Smith, who taught from 1900 to 1941 at what’s now UNCG, used the word “error” and wrote corrections in the margins of Albright’s book published in 1904.
For example, Albright writes that Guilford County-born educator Calvin Wiley “was elected (state) superintendent of public education in 1840.”
Smith scribbles in the margin, Wiley “served 1852-1865.” Another historian says Wiley served until 1866.
Smith’s margin notes also point out an error in Albright’s list of early Greensboro school superintendents.
And he says Albright erred in writing Greensboro’s Lindsay Street School — North Carolina’s first public school, which Smith attended — opened in 1872. Smith says it was 1874.
Smith challenges Albright’s description of Lindsay Street’s interior. Albright says the demolished school, at what’s now Lindsay and North Church streets, had five rooms. Smith says it had seven.
As proof, Smith draws — what’s bound to be a historically important map — of the two-story layout with sections for boys and girls.
Smith corrects misspelled names. He asks pointed questions, such as “What year?” after Albright refers to a May city election.
Albright, born in 1835 in a hotel at Elm and Market streets, was a printer whose presses churned out copies of the city’s early newspapers.
He fought for the Confederacy. He also watched Greensboro grow from small village to a medium-size city.
As an elected alderman, he helped write the charter in 1870 upgrading Greensboro from town to city.
Professor Smith, born here to a prominent Presbyterian family, held two doctorates and over time led UNCG’s history and English departments and served as the college’s dean.
Smith’s copy of Albright’s book now has a special designation at UNCG’s Jackson Library.
Archivist Carolyn Shankle was working on another project recently in a room where copies of Albright’s book are stored. The copy belonging to Smith caught her attention because of the annotations.

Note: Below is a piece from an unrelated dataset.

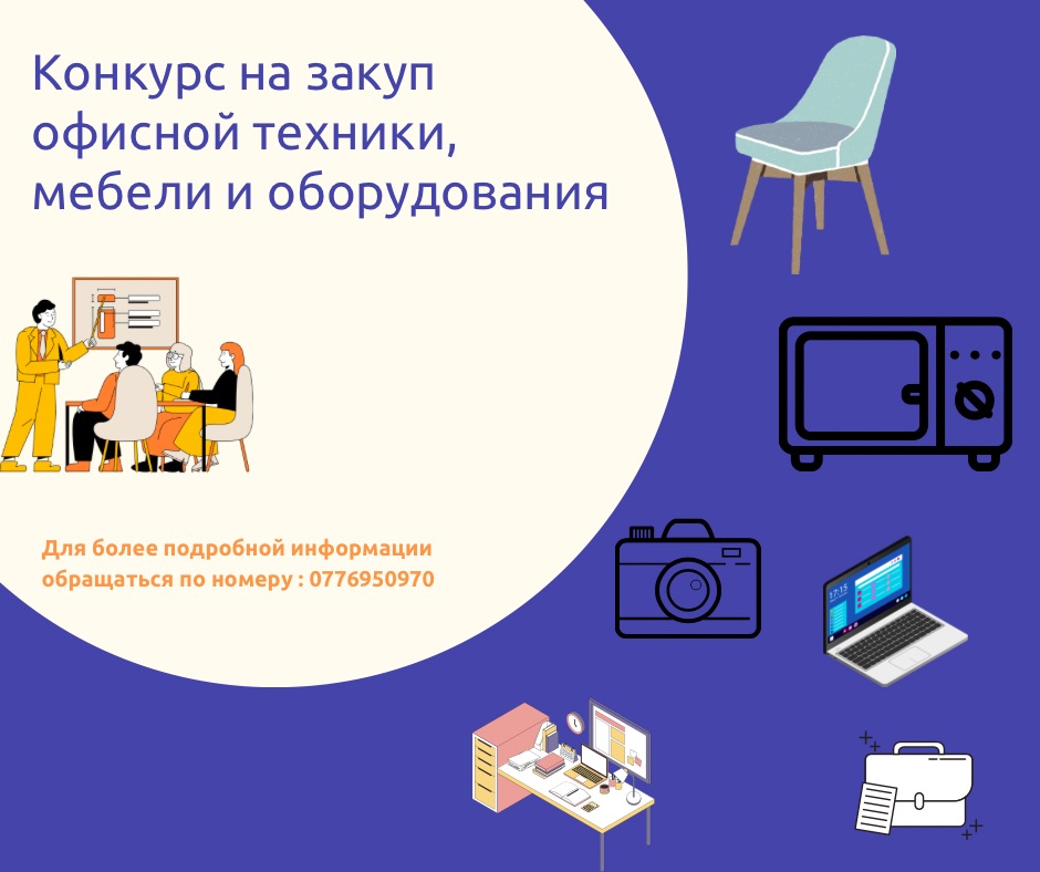 Es wird eine Ausschreibung für den Kauf von Bürotechnik, Möbeln und Geräten veröffentlicht. Nämlich

Shankle says the library obtained the copy in 1950, six years after Smith’s death, from the massive library the workaholic professor had at his Spring Garden Home.
A neighbor once commented the light burned in Smith’s library until 2 a.m.
Annotated copies have importance if done by respected authors, literary critics and academic experts.
Julius Foust, who succeeded founder Charles D. McIver as UNCG’s president in 1906, annotated books he read. So did McIver.
Randall Jarrell, a former American poet laureate who taught at UNCG until his death in 1965, wrote brutal margin notes, even in books by friends and colleagues.
Smith could be picky. Albright wrote that a private school in the 1860s on North Edgeworth Street stood at what was, in 1904, the residence of Judge David Schenck. Smith’s margin note says “stables,” meaning the school had been located where Schenck kept his horses not his family.
Albright didn’t describe the building, but Smith wrote anyway, “A beautiful building, ha!”
Not all of Smith’s comments were acerbic. Occasionally, the professor added information to what Smith wrote. Many pages lack comments.
Presumably, this implies Albright got most of his book right.
In the book’s acknowledgment, Albright seemed to anticipate the likes of Smith.
“I do not aspire,” he wrote, “to the title of historian.”